WHAT TO WORK ON → Starting with the line below that holds "Immunofluorescent analysis of" and stopping after the line that holds "Universal Compatibility: The", transcribe the lines exactly, leaving out all pictures.

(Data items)
※ ※ ※
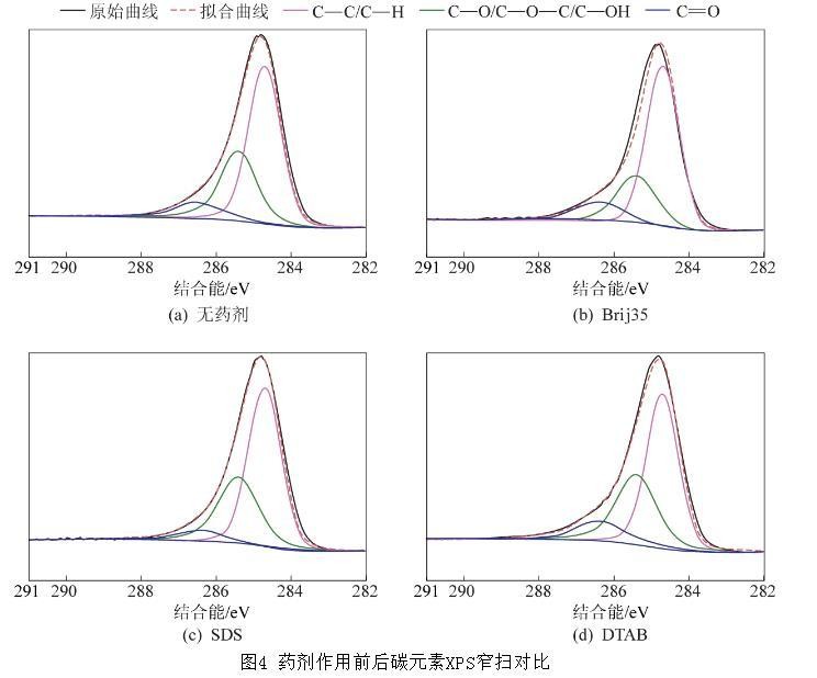 图4药剂作用前后碳元素XPS窄扫对比
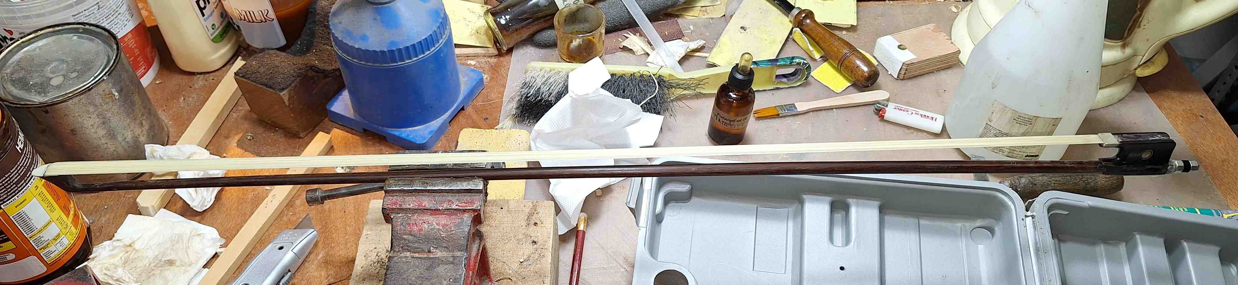 Τώρα στο δοξάρι έχει μία υποδοχή που κουμπώνει το κινητό μέρος (frog). Είχε σπάσει και το κρατούσε μόνο ένα δαχτυλίδι μεταλλικό που  είχε στην απόληξη του δοξαριού. Αφαιρέθηκε το δαχτυλίδι, κολλήθηκαν τα κομμάτια του ξύλου με εποξική κόλλα για να κλείσουν και καποια κενά που είχε. Ταυτόχρονα όμως έκλεισε και το κανάλι στο ξύλο του δοξαριού που πέρναγε τόσο η βίδα αλλά και το παξιμάδι του frog οπότε ξανανοίχθηκε σωστά. Επειδή το σημείο αυτό δέχεται μεγάλες πιέσεις ενισχύθηκε εξωτερικά με ένα φύλλο καπλαμά μαύρου στην περιοχή αυτήν. Τέλος περάστηκε ένα χέρι λούστρο όλο το δοξάρι.  Στο τέλος πέρασα και καινούργιες τρίχες στο δοξάρι γιατί οι υπάρχουσες είχαν τσουρομαδήσει. Ακόμα και το πέρασμα της τρίχας έχει αρκετή διαδικασία και χάρηκα που έμαθα και κάτι κανούργιο. Πάντως ότι θα χτένιζα τρίχες αλόγου δεν το περίμενα (όποιος ξέρει καταλαβαίνει).
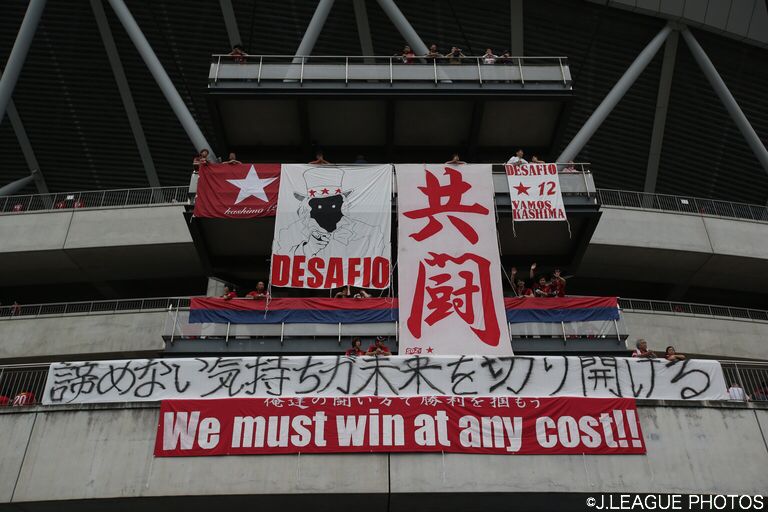 サポーターがクラブ選手に向けて掲げる弾幕。
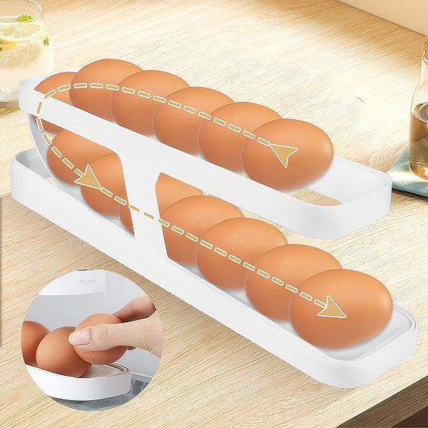 Благодарение на дното за тркалење, пристапот до јајцата станува едноставен и брз, без ризик од оштетување или кршење. Овој производ овозможува ефикасна организација на јајцата, чувајќи ги безбедни, а во исто време ја олеснува нивната употреба во секојдневната подготовка на оброците.
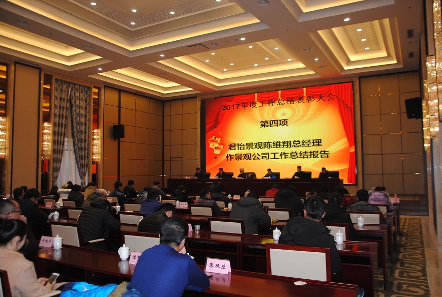 下午五點(diǎn),2017年工作總結表彰大會(huì )在溫泉大酒店會(huì )議中心準時(shí)召開(kāi)??偣径聲?huì )領(lǐng)導李清洋、王家松、徐遠航,君怡景觀(guān)公司總經(jīng)理,建明達監理公司總經(jīng)理劉新吉,建明達監理公司總工姚加千,各職能部門(mén)經(jīng)理、各項目總監及全體員工參加了大會(huì )。
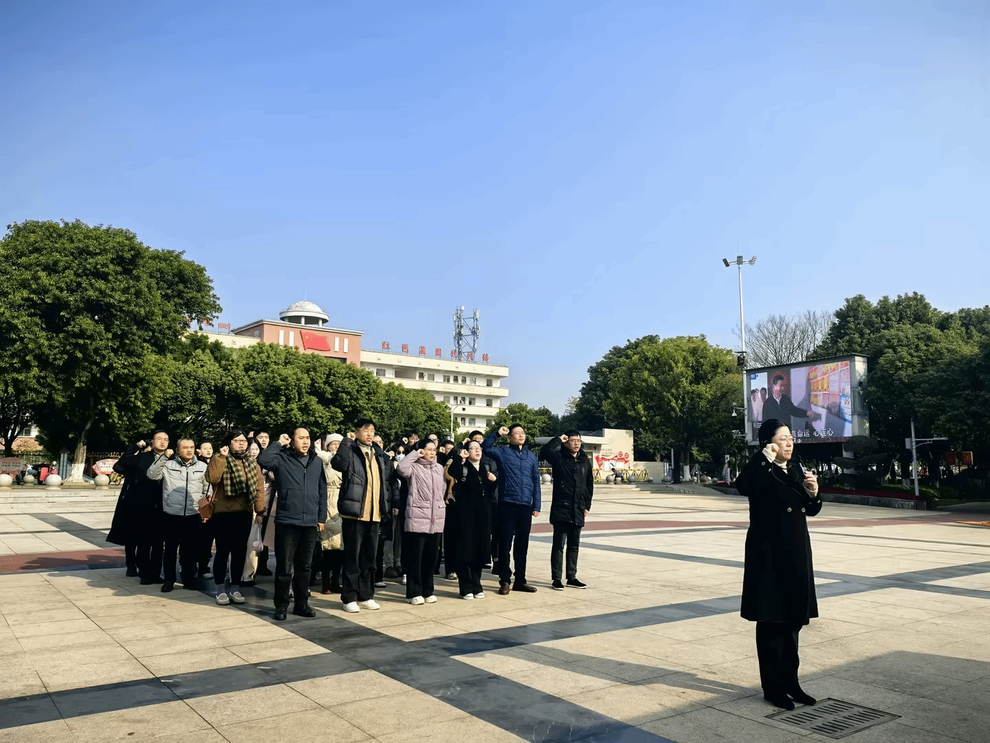 “我志愿加入中国共产党......”全体党员在中央红军长征出发纪念碑前,面对鲜艳的党旗,庄严宣誓,重温入党誓词。铿锵有力的声音,在广场回荡,向革命先烈表达着随时准备为党和人民牺牲一切的坚定决心。
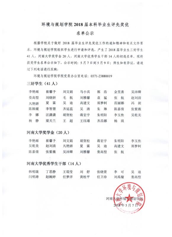 【公  示】环境与规划学院2018届本科毕业生评先奖优名单公示
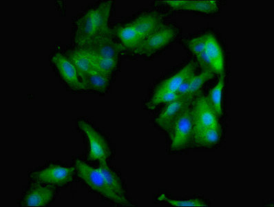 Immunofluorescent analysis of Hela cells using CSB-PA020336LA01HU at dilution of 1:100 and Alexa Fluor 488-congugated AffiniPure Goat Anti-Rabbit IgG(H+L)
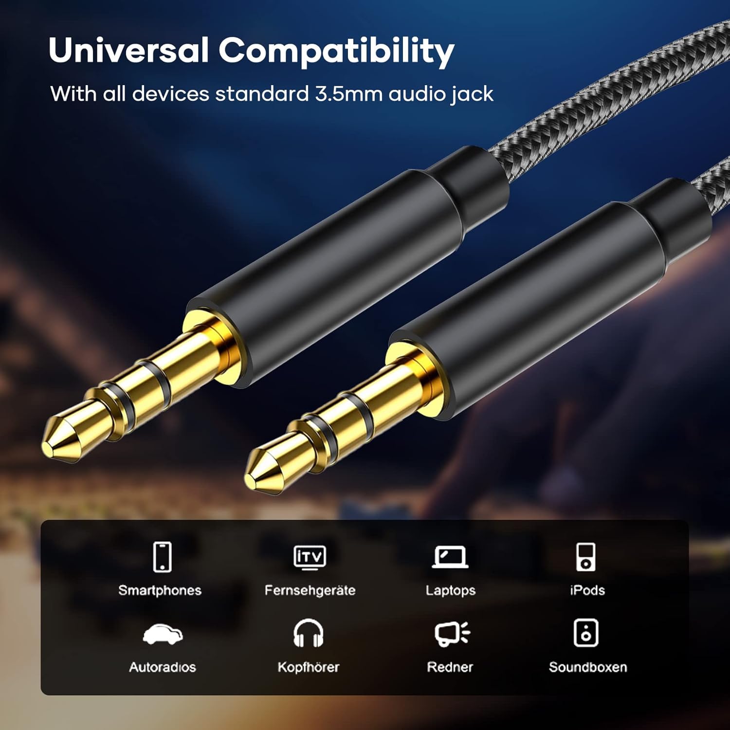 Universal Compatibility: The Aux cable is designed for universal compatibility with almost all audio devices. It works with smartphones, tablets, MP3 players, computers, car audio systems, and more. This allows you to easily share your music across different platforms.
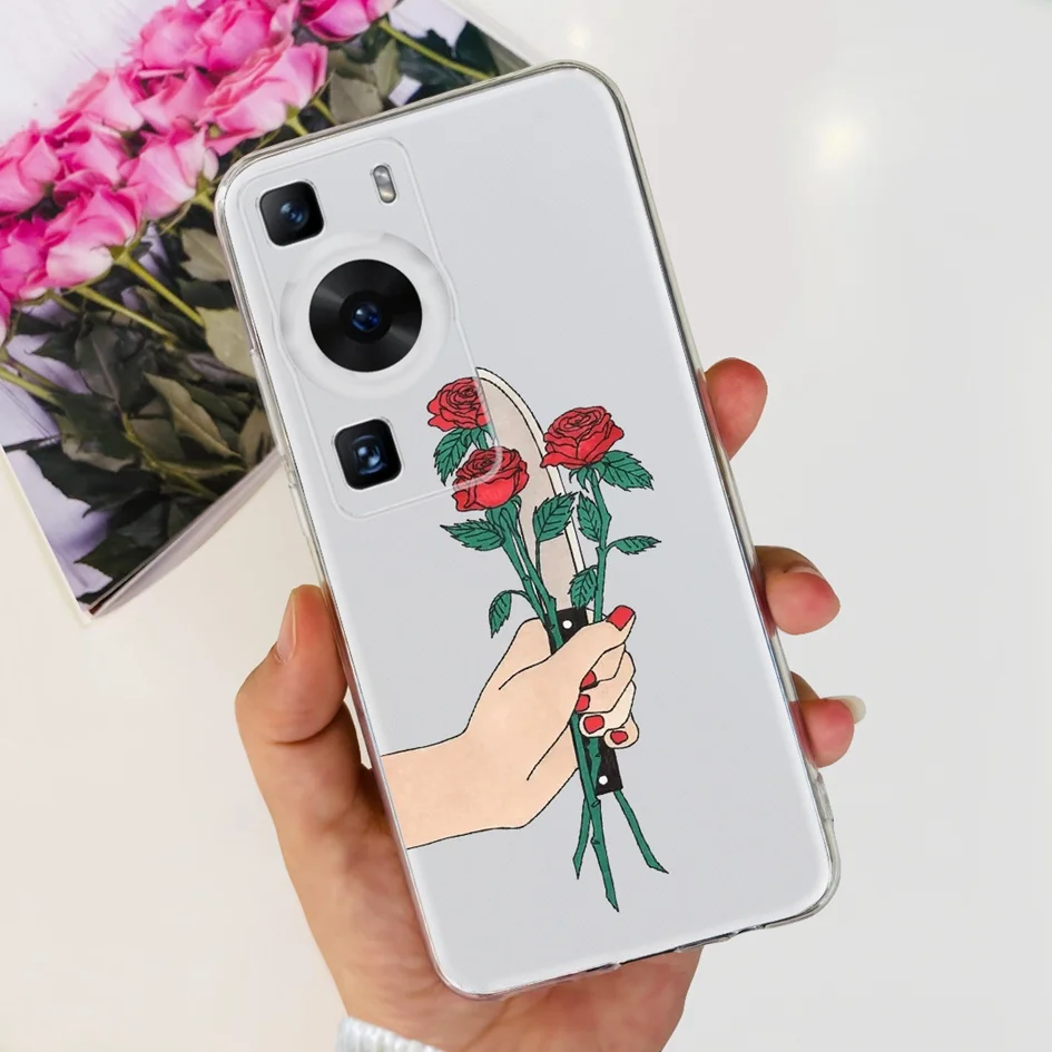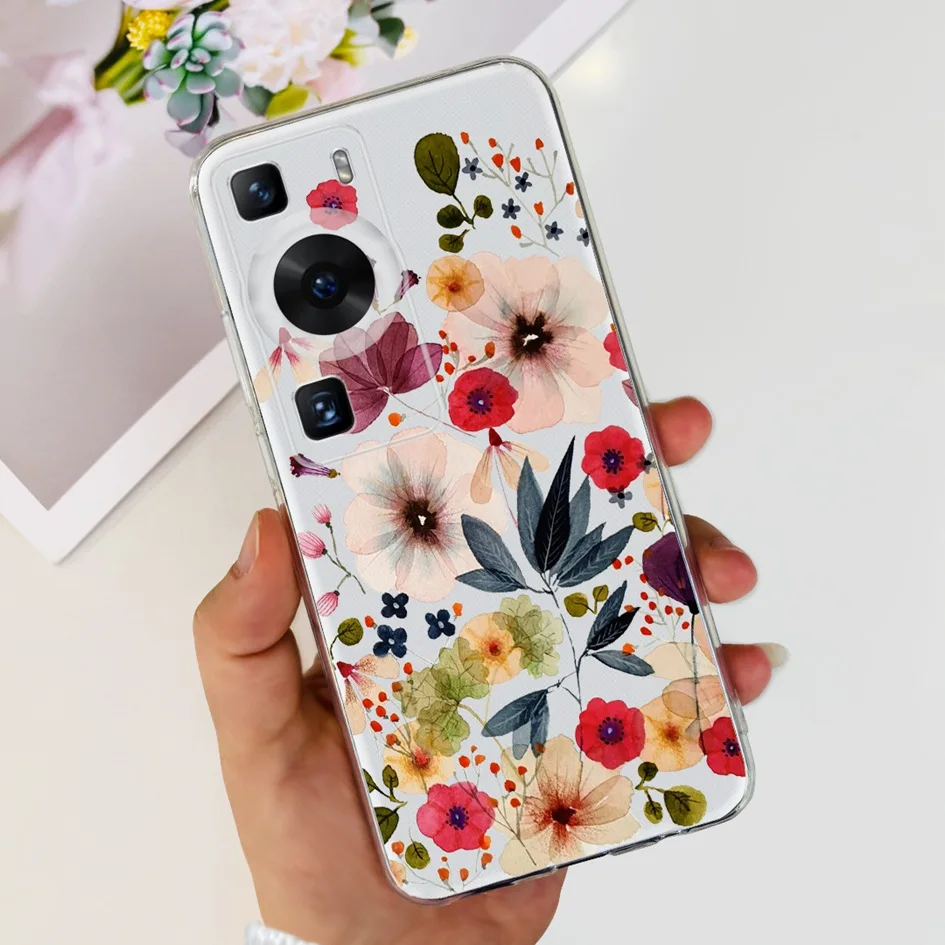 Comprar Para Huawei P60 Pro funda 4G cubierta de flores elegante leopardo pintado parachoques fundas de teléfono transparentes para Huawei P 60 P60 2023 P60Pro carcasa
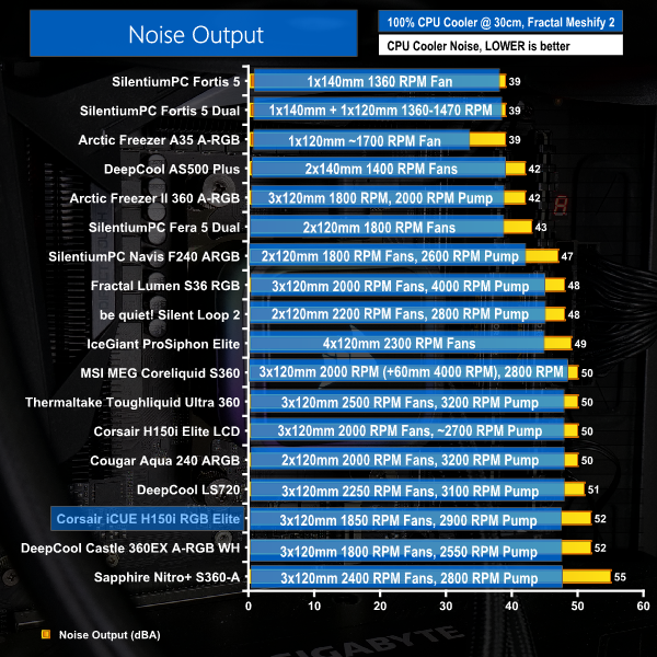 Running at 52 dBA full noise output, the Corsair iCUE H150i RGB Elite certainly isn’t a quiet CPU cooler. In fact, with those triple-fans blasting air, it is one of the loudest coolers that we have tested.
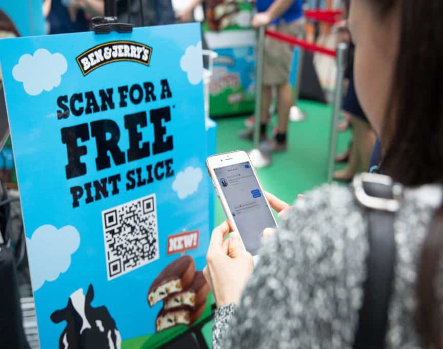 Ben & Jerry’s สิงคโปร์ นำแนวทางนี้ไปใช้ในการเปิดตัวไอศครีมรสใหม่ โดยใช้โฆษณาแบบ Click-to-Messenger เพื่อนำกลุ่มคนที่มีแนวโน้มที่จะเป็นลูกค้ามาสู่การแชทบน Messenger โดยพวกเขาจะทำแบบสอบถามสั้นๆ จากนั้นจะได้ QR code ไปแลกไอศครีมฟรีที่งานเปิดตัว และผู้เข้าร่วมงานก็ยังมีการใช้งาน Messenger เพื่อแลกบัตรของขวัญ แคมเปญที่ใช้ทั้งสองช่องทางนี้ไม่เพียงแค่ทำให้แบรนด์เข้าใจลูกค้าผ่านแบบสอบถามเท่านั้น แต่ยังทำให้ยอดการแลกตัวอย่างไอศครีมเพิ่มขึ้น 2.2 เท่า และมียอดขายเพิ่มขึ้นร้อยละ 20 เทียบกับแคมเปญที่ไม่ได้ใช้ Messenger
※ ※ ※
RESPONSE TO THE EXERCISE →
 Immunofluorescent analysis of Hela cells using CSB-PA020336LA01HU at dilution of 1:100 and Alexa Fluor 488-congugated AffiniPure Goat Anti-Rabbit IgG(H+L)
 Universal Compatibility: The Aux cable is designed for universal compatibility with almost all audio devices. It works with smartphones, tablets, MP3 players, computers, car audio systems, and more. This allows you to easily share your music across different platforms.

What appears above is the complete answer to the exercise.